When to use simultaneous settlement
Simultaneous settlement should be considered whenever you are buying a vehicle with active finance registered on the PPSR. In practice, this means:
- Always run a PPSR check first — a RegoVerify Quick Check ($4.99) includes a PPSR search that will reveal any active security interests. If the vehicle is clear, you do not need simultaneous settlement.
- If finance is found — negotiate with the seller about how to handle it. The safest option is for the seller to pay it off first and provide proof. If that is not possible, simultaneous settlement is the next best protection.
- Consider the amount at stake — for a $3,000 car with $1,000 of finance, you might accept a simpler arrangement. For a $25,000 car with $18,000 of finance, professional settlement is essential.
For more on the types of finance that create PPSR registrations, see our guide on novated leases vs chattel mortgages.
Disclaimer
This guide provides general information about simultaneous settlement when purchasing a vehicle with finance owing. It is not legal or financial advice. Settlement processes can vary depending on the lender, state, and individual circumstances. Always engage a qualified solicitor, conveyancer, or settlement agent when managing a simultaneous settlement.
FAQ
Frequently asked questions
How much does simultaneous settlement cost?
Costs vary depending on who manages the settlement. A solicitor or conveyancer typically charges between $200 and $500 to handle the process. Some finance brokers offer settlement services as part of their fee. The cost is modest compared to the risk of losing tens of thousands of dollars on a vehicle with undischarged finance.
Can I do simultaneous settlement without a lawyer?
Technically, yes — you could contact the lender directly, obtain a payout figure, and arrange payment yourself. However, this is risky if you do not understand the process. If the payout amount changes between the quote and settlement, or if the lender delays discharging the PPSR registration, you could be left exposed. Using a solicitor or settlement agent is strongly recommended for amounts over a few thousand dollars.

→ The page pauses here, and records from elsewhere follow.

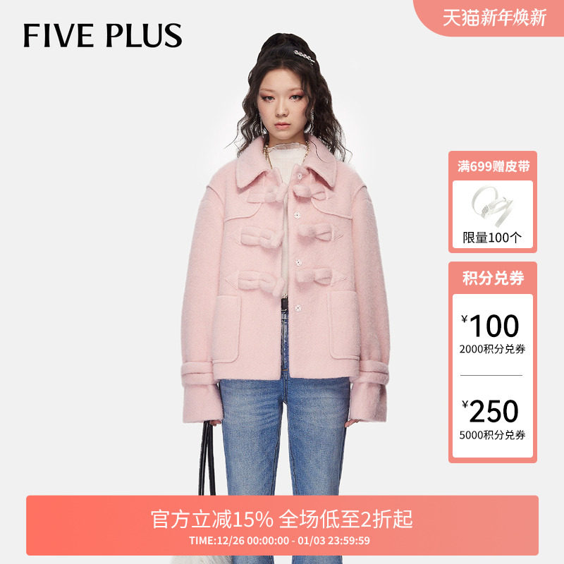 FIVE PLUS呢料法式甜系骆驼绒羊毛蝴蝶结小个子毛呢短外套2025新
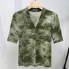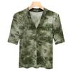 Flocking Mesh Base Shirt for Women New Women's Temperament Half-high Neck Printed T-shirt Perspective Top
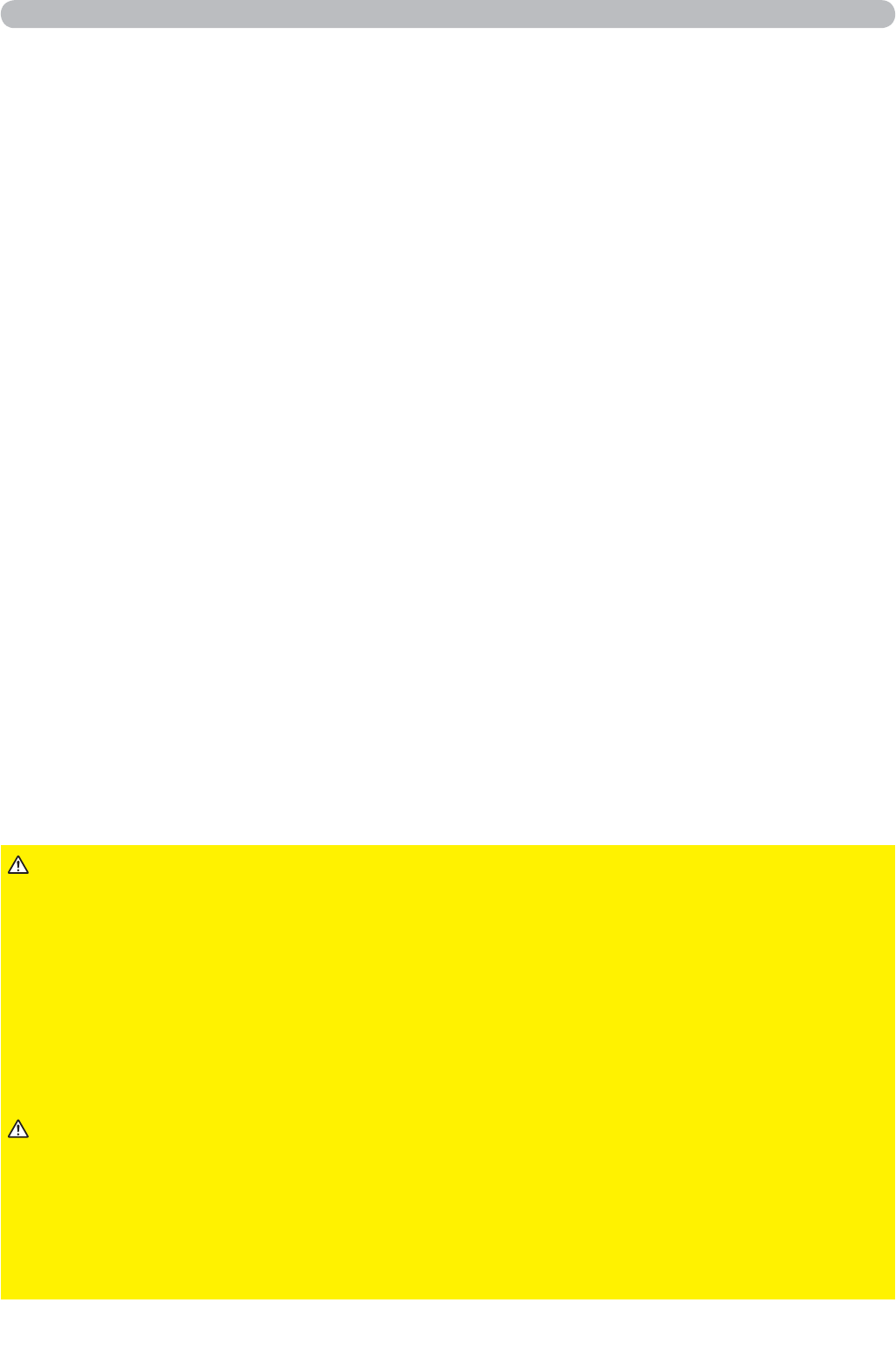 ►Avoid wetting the projector or inserting liquids in the projector. It could result in
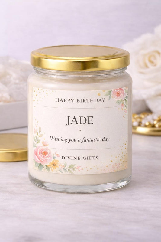 Personalised Birthday Candle Gift – Custom Name Birthday Candle, Floral Candle Gift, Luxury Birthday Gift for Her, Handmade UK

How long does the PPSR discharge take after settlement?
Under the Personal Property Securities Act 2009, the lender is required to discharge (remove) the PPSR registration within five business days of the finance being fully repaid. In practice, most major lenders process it within 2 to 3 business days. Always verify with a fresh PPSR search after settlement to confirm the registration has been removed.
What if the car is worth less than the finance owing?
This is called negative equity — the seller owes more on the loan than the car is worth. In this situation, the buyer's payment alone will not be enough to clear the finance. The seller must contribute the shortfall from their own funds at settlement. If the seller cannot cover the gap, the finance cannot be discharged and the sale should not proceed. This is a common issue and another reason to always check finance status with a PPSR search before entering negotiations.